### [DATA SEGMENT]
*-*-*
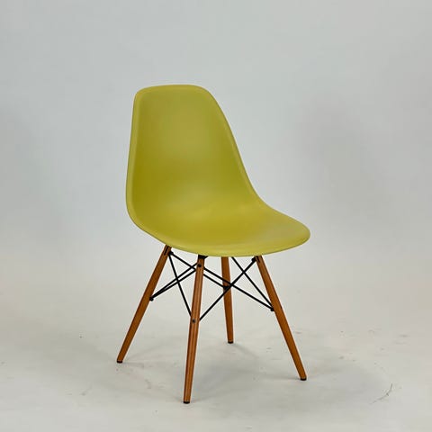 Flot og velholdt original Eames DSW spisestol af glasfiber i farven “parchment white” (råhvid) med nyere stel i valnøddetræ med grå filt-dutter. Glasfiberen har en let og jævn patina, men ingen knæk eller krakkeleringer. Et flot eksemplar af denne designklassiker.
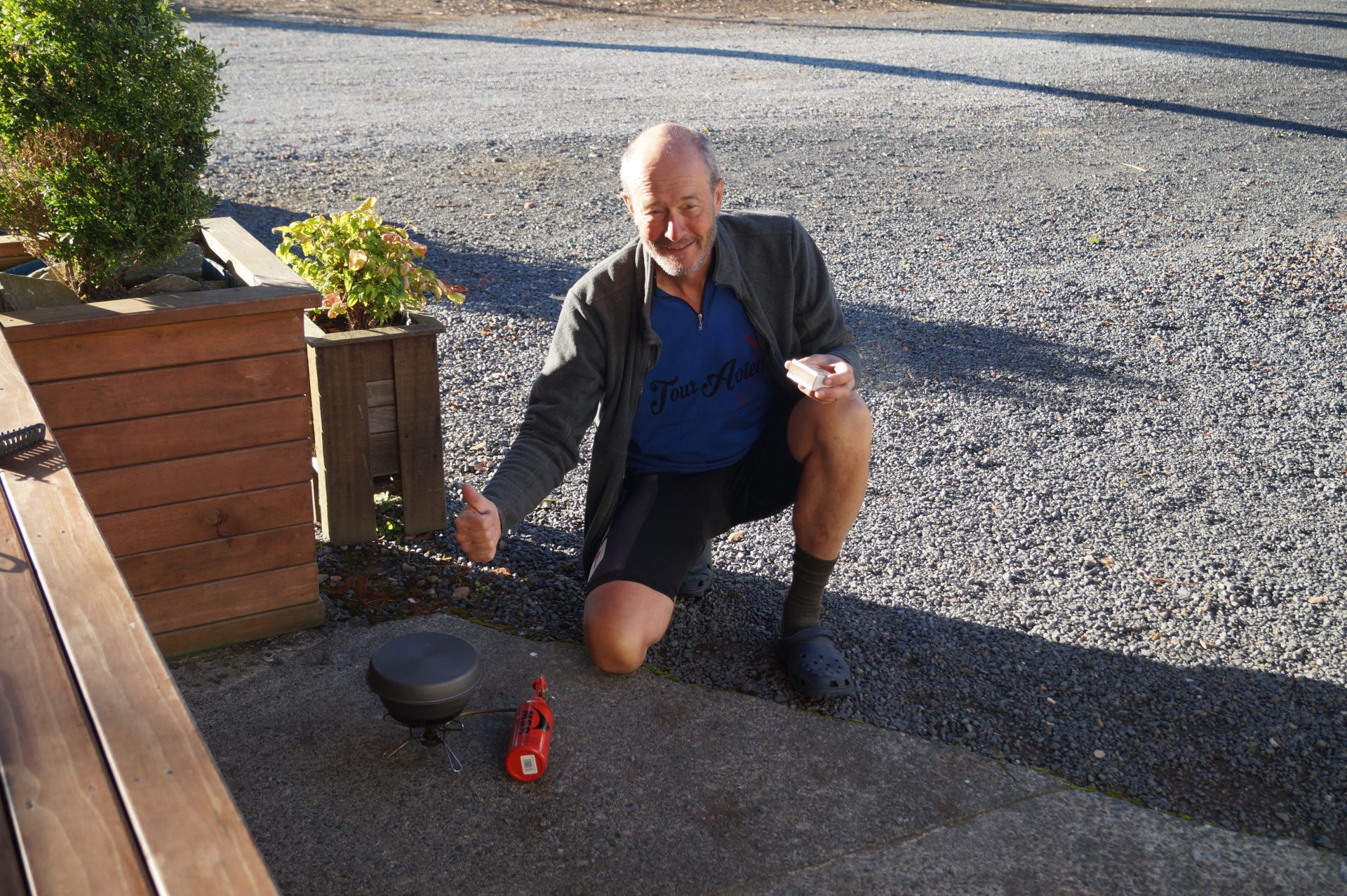 Proudly boiling our first pot of water for cups of tea at last night’s camping spot. A lot of weight to carry for the return on investment, but worth it.
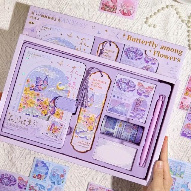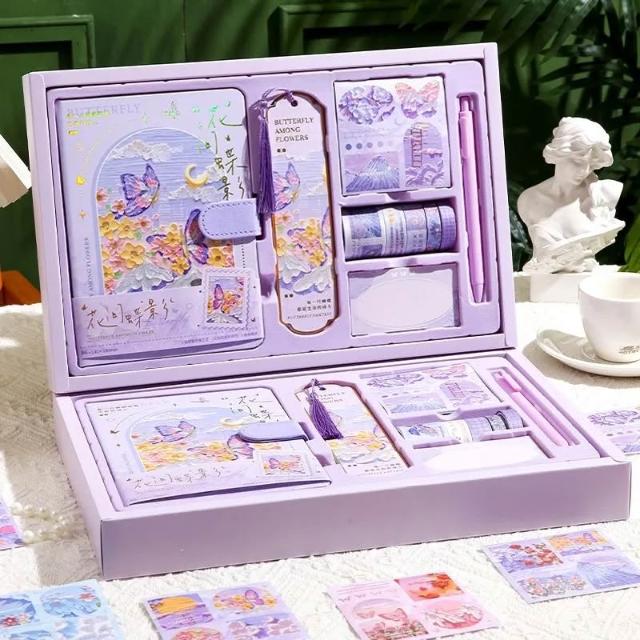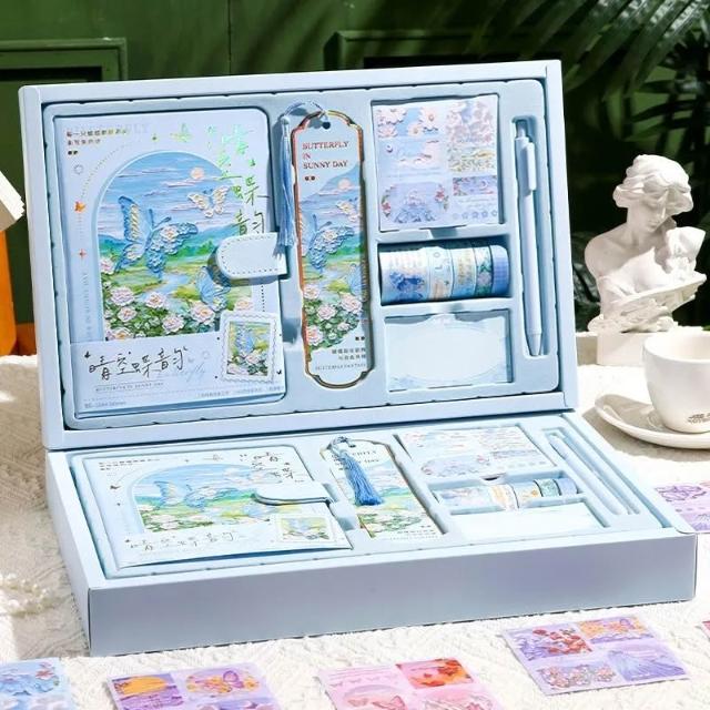 油畫手帳本禮盒組高顏值ins風學生筆記本子禮物素材全套日記本
*-*-*
### [DESCRIPTION OF THE TASK]
Please return only the lines from the one holding "Proudly boiling our" through the end of the data, both ends included; do not copy any pictures.

### [RESULT BELOW]
 Proudly boiling our first pot of water for cups of tea at last night’s camping spot. A lot of weight to carry for the return on investment, but worth it.
 油畫手帳本禮盒組高顏值ins風學生筆記本子禮物素材全套日記本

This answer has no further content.